N-acétylcystéine pour l’intoxication au paracétamol : qui traiter et selon quel schéma optimal ? - 29/05/15
Résumé |
Introduction |
L’intoxication au paracétamol, médicament disponible dans tous les foyers, est l’une des plus fréquentes dans le monde et source persistante de décès toxiques. La N-acétylcystéine (NAC) en est l’antidote de référence. L’objectif de cette présentation est de faire un point sur les dernières modifications concernant les indications et modalités d’administration de la NAC, en se basant sur les recommandations des sociétés savantes internationales et les données originales publiées.
Résultats |
Selon les recommandations formalisées d’experts français publiées en 2006, la NAC est indiquée au cours des intoxications graves au paracétamol (dose supposée ingérée≥125mg/kg), confirmées par le dosage de paracétamol interprété sur le nomogramme de Rumack et Matthew (zones de toxicité possible ou probable). Plusieurs protocoles sont applicables chez l’adulte et l’enfant : par voie veineuse, 150mg/kg en 1h, suivie de 50mg/kg en 4h puis de 100mg/kg sur 16h et par voie orale, en l’absence de vomissements ou d’utilisation du charbon activé, 140mg/kg suivi de 70mg/kg/4h pendant 72h. L’effet protecteur est maximal si l’antidote est administré moins de 10h après l’ingestion. Le seuil de toxicité est abaissé en cas d’alcoolisme chronique, de malnutrition, de prise d’inducteurs enzymatiques du cytochrome P450, de prise répétée de paracétamol, de prise simultanée de triméthoprime/sulfaméthoxazole ou de zidovudine. Si le patient est vu au-delà de 24h ou si des signes d’hépatite cytolytique sont déjà présents, la NAC à 300mg/kg/24h doit être administrée jusqu’à la guérison. Des réactions anaphylactoïdes peuvent survenir, surtout pendant l’administration de la dose de charge et chez l’asthmatique. Elles sont souvent liées à une administration trop rapide de la NAC. Récemment dans un essai randomisé, un schéma IV raccourci (100mg/kg de NAC en 2h suivi de 200mg/kg en 10h, soit 12h de perfusion) a permis une amélioration significative de la tolérance digestive et une réduction des réactions anaphylactoïdes. Il est aussi à noter que, bien que rarement utilisé en France, le schéma oral de 72h peut être réduit à environ 20h en toute sécurité. Curieusement, un essai ouvert récent a fait le choix de rallonger la durée de perfusion de NAC (140mg/kg en dose de charge puis 70mg/kg/4h pour 12 doses IV), afin de réduire tout risque d’hépatotoxicité qui pourrait persister.

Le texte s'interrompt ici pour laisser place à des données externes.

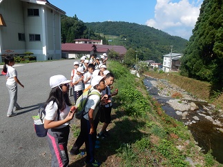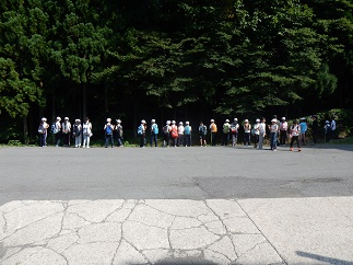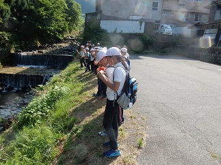 「木の殿堂」でも、思いっきり遊びました。そろそろ、水筒のお茶も底をつきそうです。マイクロバスで宿舎に戻り、冷たいスイカをいただきました。のどの渇きに甘くて水分いっぱいのスイカは格別です。そして、いつもの川に向かってスイカの種飛ばしです。みんな、いつの間にか行儀よく等間隔に並び、川に向かって種を飛ばしました。お家でこんなことをすると、確実におこられます。自然いっぱいの中でこそ、できることですね。

La dose minimale de paracétamol justifiant l’admission à l’hôpital pour l’administration de NAC est discutée et varie selon les pays. Un autre débat concerne la hauteur de la ligne sur le nomogramme qui naît de la paracétamolémie à H4 imposant un traitement par NAC des patients intoxiqués, avec des recommandations variables selon les pays. Cette ligne se situe à 150mg/L en France, aux États-Unis, au Canada et en Australie, a été abaissée en 2012 à 100mg/L en Grande Bretagne et a carrément été supprimée aux Danemark. Plus cette ligne est basse et plus le nombre de patients traités et de ce fait la probabilité d’effets secondaires à la NAC augmentent. Plus cette ligne est élevée et plus le risque de ne pas traiter des sujets vulnérables à risque d’hépatotoxicité augmente, justifiant la politique du risque zéro adopté par le Danemark. Dans ce pays, tous les patients admis pour intoxication au paracétamol sont traités par la NAC selon le protocole de Prescott. La mesure de la paracétamolémie n’est utilisée que pour confirmer le diagnostic. Le nomogramme n’est jamais utilisé. Cependant, malgré l’augmentation observée des effets secondaires liés à la NAC et du coût de prise en charge des patients intoxiqués, le Danemark a persévéré dans cette voie, préférant apporter des modifications au protocole de traitement et créer des règles d’arrêt de la perfusion de NAC, pour en optimiser la tolérance.
Conclusion |
Les indications et modalités exactes d’administration de la NAC, même reconnue par tous comme antidote de référence des intoxications au paracétamol, restent un sujet de discussions scientifiques visant à trouver le meilleur équilibre entre nécessité de traiter tous les patients à risque d’hépatotoxicité et souhait de minimiser les effets secondaires. De nouveaux biomarqueurs et indices pronostiques d’hépatotoxicité pourraient dès lors trouver une place pour aider à résoudre ces débats.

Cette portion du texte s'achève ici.